TASK TO COMPLETE: Among the entries below, which lines run from the line with "整個屋頂花園設計包括日光浴平臺、廚房、用餐空間、游戲草坪和觀景平臺。" through the line with "图表3:美豆优良率与美豆单产走势;美豆优良率变化趋势"? Retype those, both ends included, exactly and without pictures.
===== GIVEN DATA
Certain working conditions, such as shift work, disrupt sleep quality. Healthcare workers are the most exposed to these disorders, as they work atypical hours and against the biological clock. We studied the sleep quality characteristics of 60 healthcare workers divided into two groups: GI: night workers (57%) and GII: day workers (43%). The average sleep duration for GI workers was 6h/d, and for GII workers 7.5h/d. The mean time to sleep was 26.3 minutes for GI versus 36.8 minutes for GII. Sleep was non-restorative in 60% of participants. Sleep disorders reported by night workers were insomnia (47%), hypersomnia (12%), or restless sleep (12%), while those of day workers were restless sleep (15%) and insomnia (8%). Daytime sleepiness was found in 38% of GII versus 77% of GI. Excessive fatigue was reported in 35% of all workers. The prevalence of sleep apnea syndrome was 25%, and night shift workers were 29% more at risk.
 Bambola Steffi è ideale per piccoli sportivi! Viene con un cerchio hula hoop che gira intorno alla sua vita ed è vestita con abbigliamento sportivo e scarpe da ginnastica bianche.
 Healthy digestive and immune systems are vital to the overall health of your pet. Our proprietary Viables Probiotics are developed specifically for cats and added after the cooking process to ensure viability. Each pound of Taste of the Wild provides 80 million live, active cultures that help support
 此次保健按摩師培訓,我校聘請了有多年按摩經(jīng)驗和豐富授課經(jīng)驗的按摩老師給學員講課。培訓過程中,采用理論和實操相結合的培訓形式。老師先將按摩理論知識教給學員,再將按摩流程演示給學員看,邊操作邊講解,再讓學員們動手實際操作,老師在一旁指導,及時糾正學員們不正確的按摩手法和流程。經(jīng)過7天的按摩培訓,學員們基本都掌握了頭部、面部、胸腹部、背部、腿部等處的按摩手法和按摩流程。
==========
===== GIVEN DATA
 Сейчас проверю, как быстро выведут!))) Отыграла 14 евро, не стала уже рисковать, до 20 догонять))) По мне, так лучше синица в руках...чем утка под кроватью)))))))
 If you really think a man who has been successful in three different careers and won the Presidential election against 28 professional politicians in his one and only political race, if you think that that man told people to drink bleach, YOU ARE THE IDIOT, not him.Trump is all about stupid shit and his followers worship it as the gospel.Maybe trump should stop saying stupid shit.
==========
===== GIVEN DATA
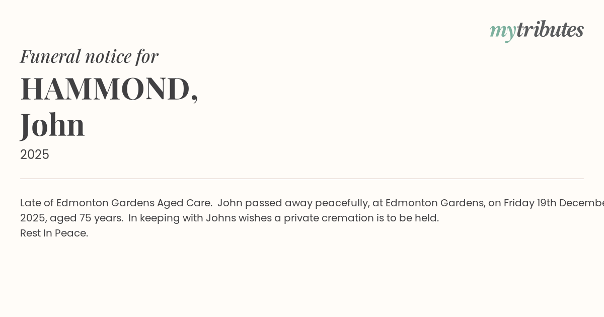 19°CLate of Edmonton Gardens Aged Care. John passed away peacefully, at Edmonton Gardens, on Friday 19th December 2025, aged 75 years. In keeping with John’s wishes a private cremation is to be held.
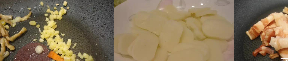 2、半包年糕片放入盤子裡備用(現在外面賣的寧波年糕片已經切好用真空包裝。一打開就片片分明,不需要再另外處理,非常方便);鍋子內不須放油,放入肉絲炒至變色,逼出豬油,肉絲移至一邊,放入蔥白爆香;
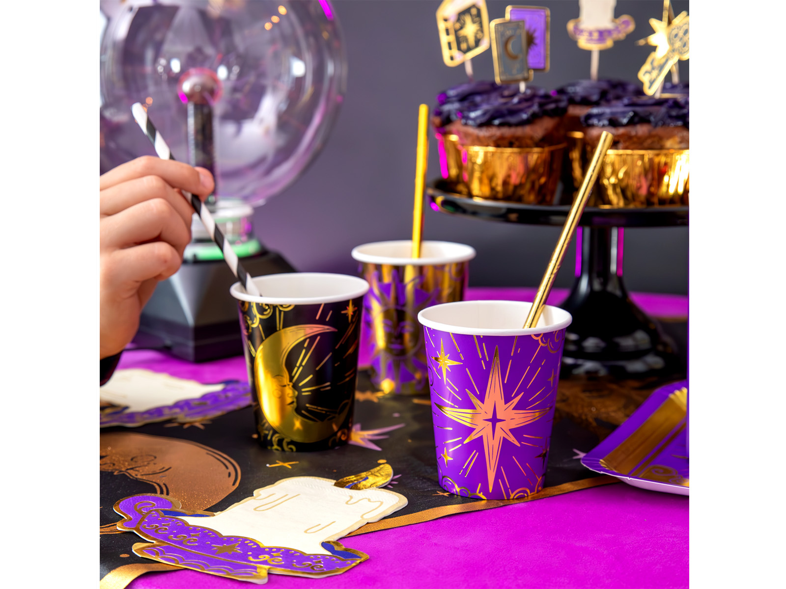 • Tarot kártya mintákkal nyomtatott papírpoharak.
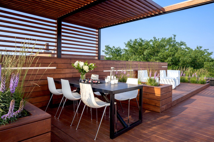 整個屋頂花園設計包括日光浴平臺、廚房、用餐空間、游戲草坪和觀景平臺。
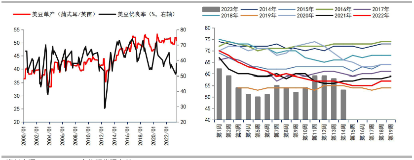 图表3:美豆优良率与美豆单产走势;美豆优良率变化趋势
==========
RESULT OF THE EXERCISE:
 整個屋頂花園設計包括日光浴平臺、廚房、用餐空間、游戲草坪和觀景平臺。
 图表3:美豆优良率与美豆单产走势;美豆优良率变化趋势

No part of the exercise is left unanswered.